- Data section:

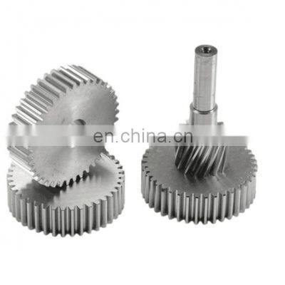 Products DescriptionPump Filler Mixer Agriculture Machinery Reduction Small Module Compression GearDetails ImagesProduct featuresHelical bevel gear has high transmission efficiency, stable transmission ratio, large arc overlap coefficient, high bearing capacity, smooth transmission, reliable operation, compact structure, energy saving, space saving, abrasion resistance, long life, low noise.SPECIFICATIONSThere are 10mm-1600mm diameter, modulus 1-36 modulus, precision grade of spiral bevel gear gb5-GB8.ApplicationSpiral bevel gears are widely used in domestic oilfield petrochemical machinery, various types of machine tools, all kinds of mechanical processing equipment, engineering machinery, metallurgical equipment, steel rolling machinery, mining machinery, coal machinery, textile machinery, ship machinery, shipbuilding, aerospace, forklifts, elevators, deceleration machine, the aircraft manufacturing and many other industries.Material:Steel 4140Number of Teeth:17Presure Angle:20°Surface Treatment:BlackeningProcess:Hobbing,WeldingApplication:GearboxWorkshopRelated ProductsCertificationsPacking & Deliverly
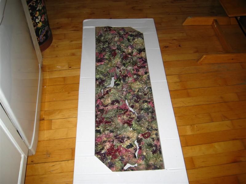 Der kom vand i, og vi genbrugte de små sten fra vores RSM (ca. 30-40 kg), og købte en fed "kunstig" Reef baggrund importeret fra England (se billeder), som vi desværre ventede lidt længe på, men den røg i da den endelig ankom, og nu skulle det så bare stå og køre ind, og gennemgå de algefaser der skulle til.
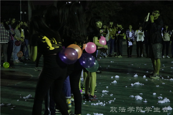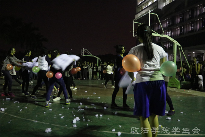 12月1日晚上八点,政法公司趣味比赛之枕头大战的决赛在莞城校区图书馆前篮球场举行。

- Task brief:
Reproduce exactly and only the lines from the line that contains "Der kom vand" to the end of the data above, both ends included. No pictures go in the copy.

- Result for this exercise:
 Der kom vand i, og vi genbrugte de små sten fra vores RSM (ca. 30-40 kg), og købte en fed "kunstig" Reef baggrund importeret fra England (se billeder), som vi desværre ventede lidt længe på, men den røg i da den endelig ankom, og nu skulle det så bare stå og køre ind, og gennemgå de algefaser der skulle til.
 12月1日晚上八点,政法公司趣味比赛之枕头大战的决赛在莞城校区图书馆前篮球场举行。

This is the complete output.